- Coat of arms
- Location of Börßum within Wolfenbüttel district
- Börßum Börßum
- Coordinates: 52°04′N 10°34′E﻿ / ﻿52.067°N 10.567°E
- Country: Germany
- State: Lower Saxony
- District: Wolfenbüttel
- Municipal assoc.: Oderwald

Government
- • Mayor: Andreas Hauenschild

Area
- • Total: 30.74 km^{2} (11.87 sq mi)
- Elevation: 88 m (289 ft)

Population (2022-12-31)
- • Total: 2,896
- • Density: 94/km^{2} (240/sq mi)
- Time zone: UTC+01:00 (CET)
- • Summer (DST): UTC+02:00 (CEST)
- Postal codes: 38312
- Dialling codes: 05334
- Vehicle registration: WF

= Börßum =

Börßum is a municipality in the district of Wolfenbüttel, in Lower Saxony, Germany.

==Geography==
Börßum lies only a few kilometers north of the Harz Mountains, north of Schladen, on the east bank of the Oker, 11 km south of Wolfenbüttel. It is not far southeast of the Oderwald.
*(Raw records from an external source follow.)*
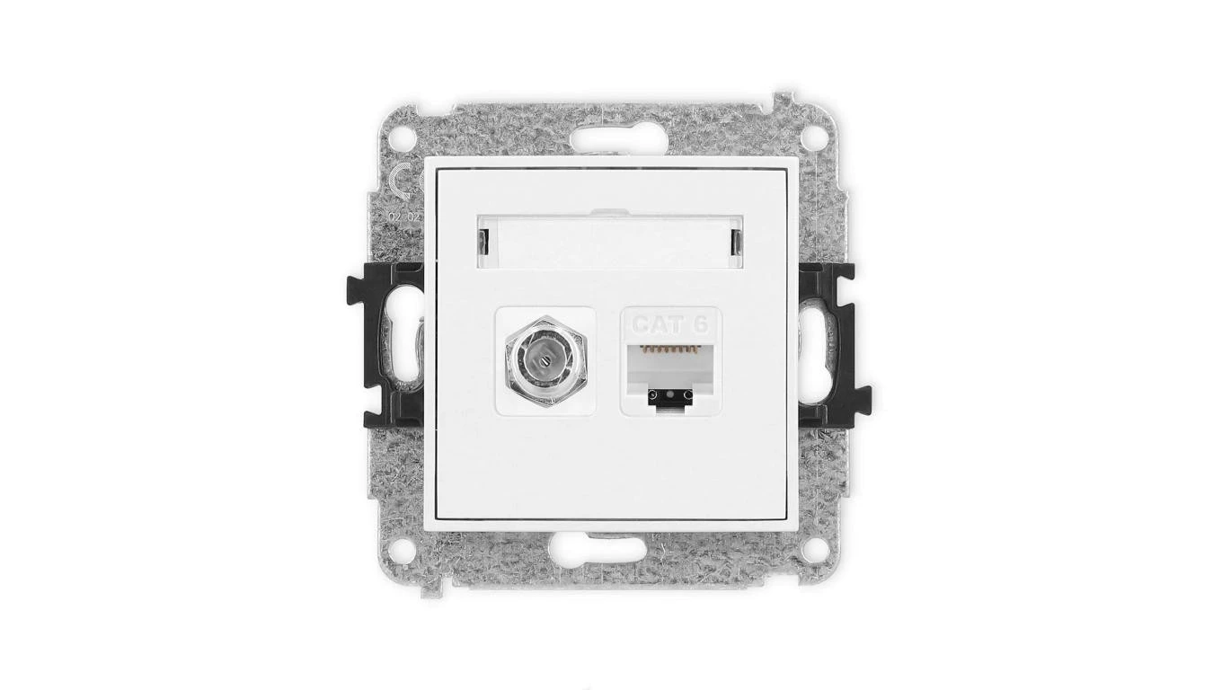 MINI Mechanizm gniazda antenowego poj. typu F (SAT) + gniazda komp. poj. 1xRJ45, kat. 6, 8-stykowy biały mat 25MGFK-3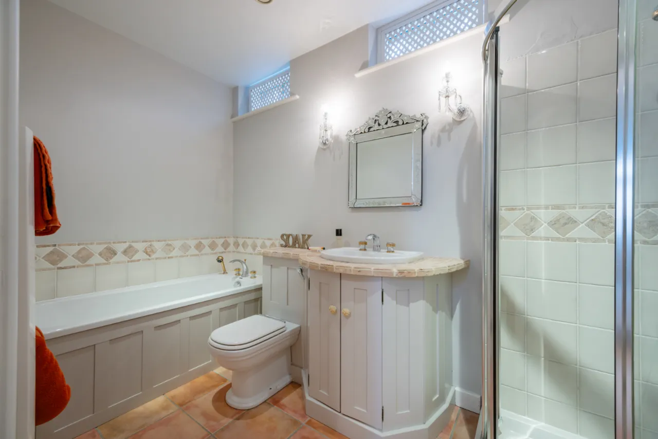 Low flush WC. Wash hand basin in vanity unit with built-in storage and open storage. Natural stone top and built-in mirror. Fully tiled walls. Stone tiled floor. Low voltage lighting. Wet room style shower with thermostatic shower.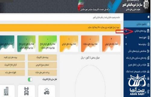 در صفحه زیر، خلاصه ای از کلیه اطلاعات مالیاتی موجود شخص نشان داده می شود و متقاضی می بایست از منوی سمت راست تصویر، گزینه "پرونده های مالیاتی" را کلیک کند.
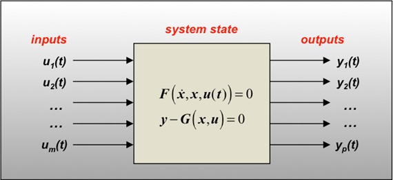 - 抽象的システムモデリング要素: 抽象的要素、主に微分方程式の類は、MBSモデル内の非標準的コンポーネントを表すために使用することができます。微分方程式は一般的に、動的サブシステムの挙動を捕捉するために使用されます。例えば、これらは、列車のエアスプリングの影響を表すことができます。線形および非線形状態-空間方程式と伝達関数も、一般的に使用が可能です。これらは、正しく定義された入力、出力、および内部状態でコンポーネントを表します。 図 8 は、MotionSolveでの抽象的システムを示しています。

Parts of its municipality are Börßum, Achim, Bornum, Kalme and Seinstedt.

== History ==
Börßum already had a lot of names: 1135 Borsne, 1310 Borssen, 1338 Borssem, 1422 Groß Borsem, 1581 Borsum, 1652 Börsumb, around 1770 Borsheim, 1765 Boersheim, since 1762 Börßum.
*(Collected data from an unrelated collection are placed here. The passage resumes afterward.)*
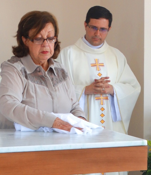 Como é determinado pela Igreja, foi feita a leitura pública da ata de Dedicação do Altar pelo pároco e chanceler da diocese, Pe. Luzair Coelho de Abreu, que explicou aos presentes que a ata foi feita em três vias: uma para arquivo na cúria diocesana, outra para arquivo paroquial, e a terceira via para arquivo no Lar Vicentino.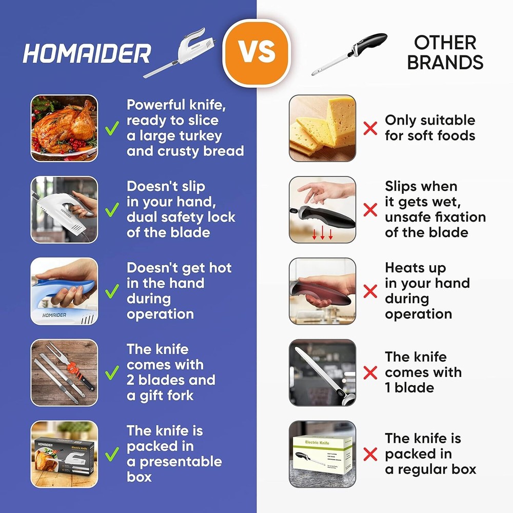 Electric Knife for Carving Meat, Turkey, Bread & More. Serving Fork and Carving Blades Included πͺ FAST & EASY SLICING: Electric Knife allows you to make perfectly even slices fast and without having to apply much pressure or sawing motion! Improved inches( m) extra-long cable allows you to slice your products in a convenient place! The lightweight design of the electric knife makes it easy to hold with one hand. Enjoy your perfect slices regardless of your age! π HIGH QUALITY & ERGONOMIC DESIGN: Electric Carving Knife features an ergonomic handle for comfortable product handling and easy meat, bread, fish, cheese, large vegetables & fruits carving. The two precision stainless steel blades included with the Electric Knife package are strong, durable and designed to last. The removable blades are dishwasher-safe for fast and easy cleanup! π LOW NOISE & VIBRATION: Clever product design provides you with all the power needed to easily and quickly carve through the meats, bread and more without excessive noise and vibration! π‘ DUAL SAFETY LOCK: A specially designed safety lock feature keeps the blade locked in place to avoid accidental activation and to ensure your safety. Electric Knife is ETL certified and fully safe to use! β BASED CUSTOMER SUPPORT: Each Product includes a 1 Cover provided by in addition to the s satisfaction or timeframe.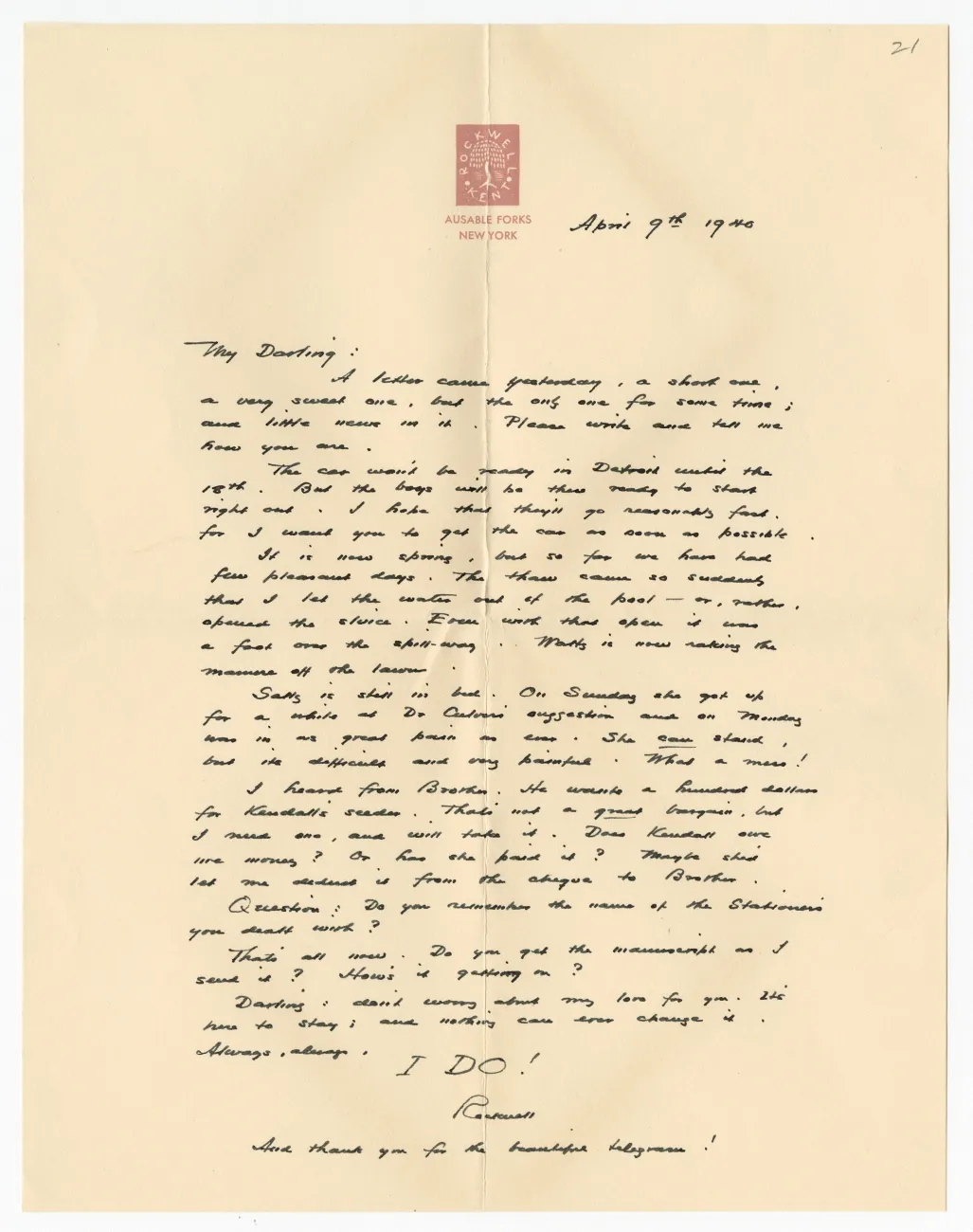Overview Creator: Kent, Rockwell, 1882-1971 Subject: Source:Original letter: ink on paper, 1 p. Date Original:1940, April 9 Language:eng Rights Rights Management:Original materials may be protected by the Copyright Law of the United States (more information). Technical Digitization Specifications:Scanned at 600ppi on Epson 1000XL scanner as 48-bit RGB uncompressed TIFF images. Images resized to 2000 pixels wide, 150 dpi, and saved as JPEG (level 10) in Photoshop CS5 with Unsharp Mask of 60:1. Date Digital:Mon, 10/01/2012 - 21:00 Format:image/jpeg Type:Still Image Location Series:1 Box:1 Folder:22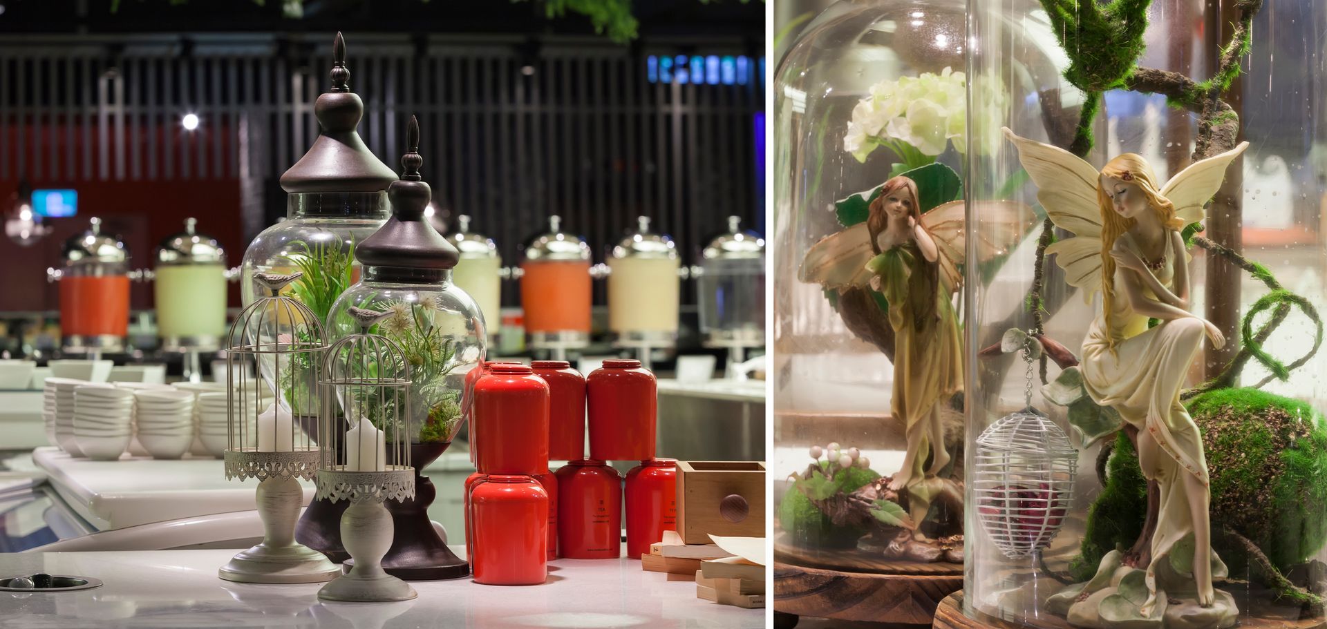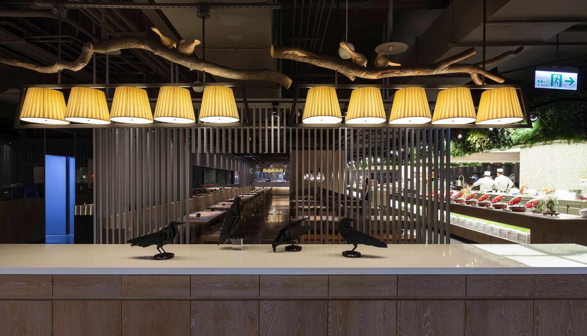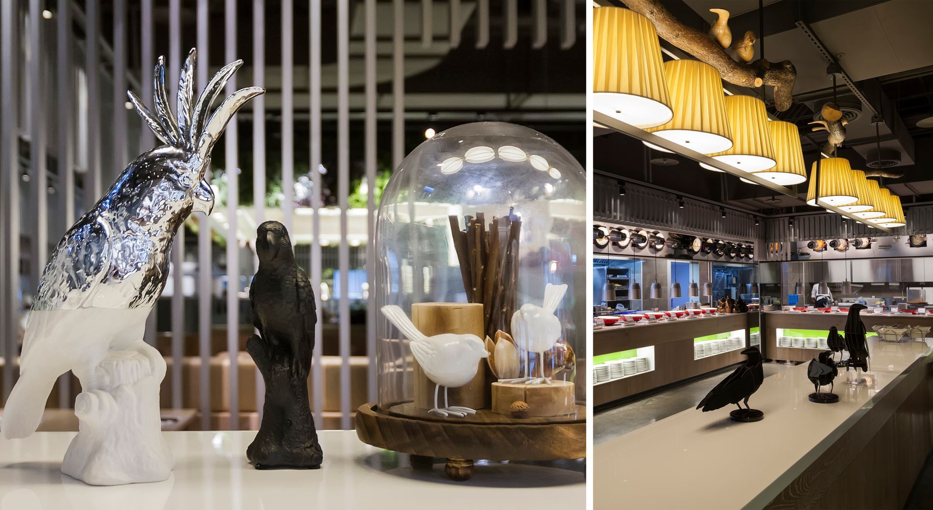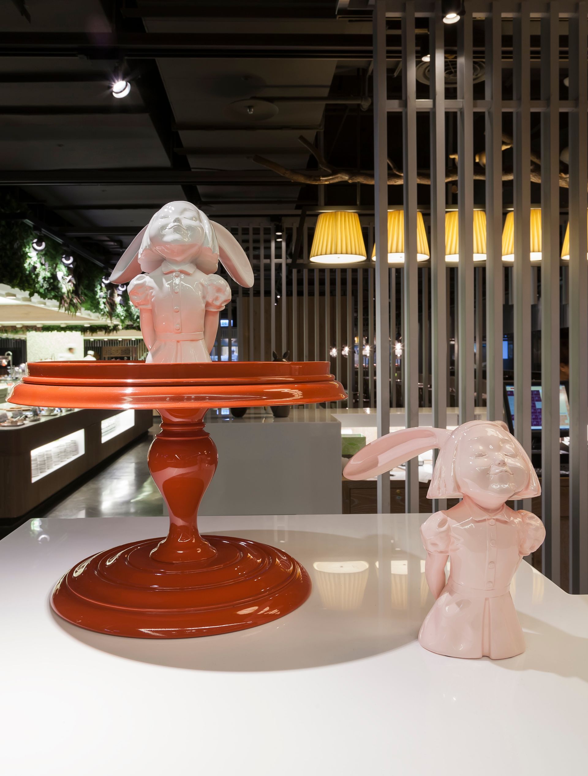 入口處兩隻擬人化的兔子姑娘微微揚起臉,彷彿正在體驗微風吹拂過臉及經過髮絲的涼快,進入餐廳,迎面而來的是可愛的瓶中精靈,帶領您進入他們的世界,散落在餐檯各處的動物們正在告訴您慢下腳步,一起享受這兒悠閒的時光,牆面上的金魚像是吃飽後在散步,悠閒地輕輕地遊在池塘中,如此滿足。

On November 1, 2011, the municipality of Achim was incorporated into Börßum.

== Incorporations ==

- 1 November 2011: Incorporation of the municipality of Achim which included Kalme und Seinstedt
- 1 March 1974: Bornum

== Religion ==
In Börßum there is the Protestant Peter-und-Paul-Kirche, the parish belongs to the parish association Börßum-Achim-Bornum of the provostry Schöppenstedt.

In 1954, the Catholic Curacy of Börßum was founded by the merge of the two parochial vicariates of Hornburg and Semmenstedt. In 1959/60 the Catholic church of St. Bernward was built. In 2011, the church was desecrated, most recently it belonged to the parish of St. Petrus in Wolfenbüttel. Today, the nearest Catholic church is in Heiningen, two kilometres away.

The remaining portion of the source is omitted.